Im Hinblick auf einzelne Todesursachen konnten Wissenschaftler einen Zusammenhang zwischen dem Konsum (wiederum wurde der Konsum von zwei oder mehr Gläsern pro Tag im Vergleich zu einem Glas seltener als einmal im Monat bewertet) von Getränken mit Süßungsmitteln und Erkrankungen des Herz-Kreislauf-System und Getränke mit Zucker und Erkrankungen des Verdauungssystems (alle - p <0,01).

Es sollte klargestellt werden, dass diese Studie eine sehr wichtige Einschränkung hat: Informationen über den Konsum von kohlensäurehaltigen Getränken wurden nur einmal, ganz am Anfang, erhoben, so dass die Schlussfolgerungen der Arbeit nur unter Berücksichtigung der Tatsache akzeptiert werden können, dass alle Teilnehmer dies getan haben ihre Gewohnheiten bezüglich des Konsums von Erfrischungsgetränken nicht ändern. Die Autoren stellen jedoch klar, dass dies die bisher größte Studie zum Zusammenhang zwischen dem Konsum von zuckerhaltigen und gesüßten Getränken und der Sterblichkeit ist; um einen kausalen Zusammenhang herzustellen, sollten solche Studien jedoch weitergeführt werden.

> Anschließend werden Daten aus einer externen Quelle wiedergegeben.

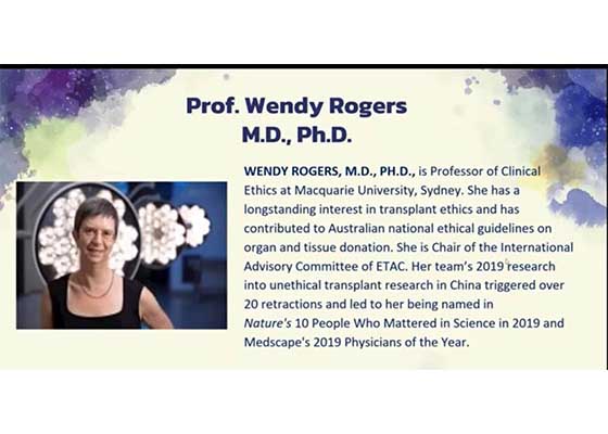 澳大利亚教授罗杰斯在二月二十四日的论坛上从道德责任的角度,阐述了专业机构及人士应采取多项行动共同制止中共活摘器官。
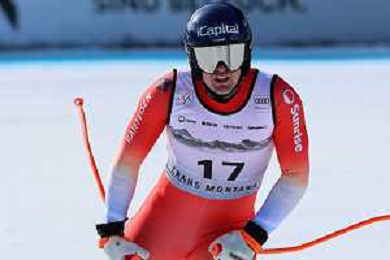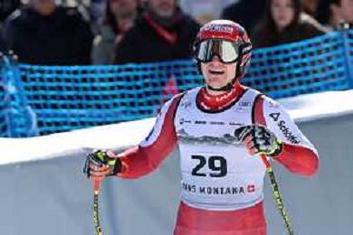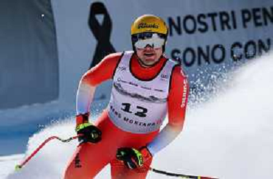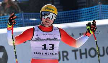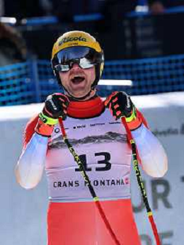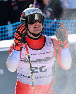 Stefan ROGENTIN, bib number 17, SUI, Finish Line, Men's Downhill at Audi FIS Ski World Cup 2025-26 in Crans Montana, Switzerland, 2026-02-01, Photo Credit: action press / Pierre Teyssot AG KARMAPRESS-AG ALDO LIVERANI SAS

Natürlich gibt es neben Zucker noch andere „gefährliche“Lebensmittel. Das gilt zum Beispiel für Fleischprodukte: Wissenschaftler haben kürzlich herausgefunden, dass das Risiko, an allen Ursachen zu sterben, selbst bei einem Verzehr von bis zu 50 Gramm rotem Fleisch pro Tag ansteigt.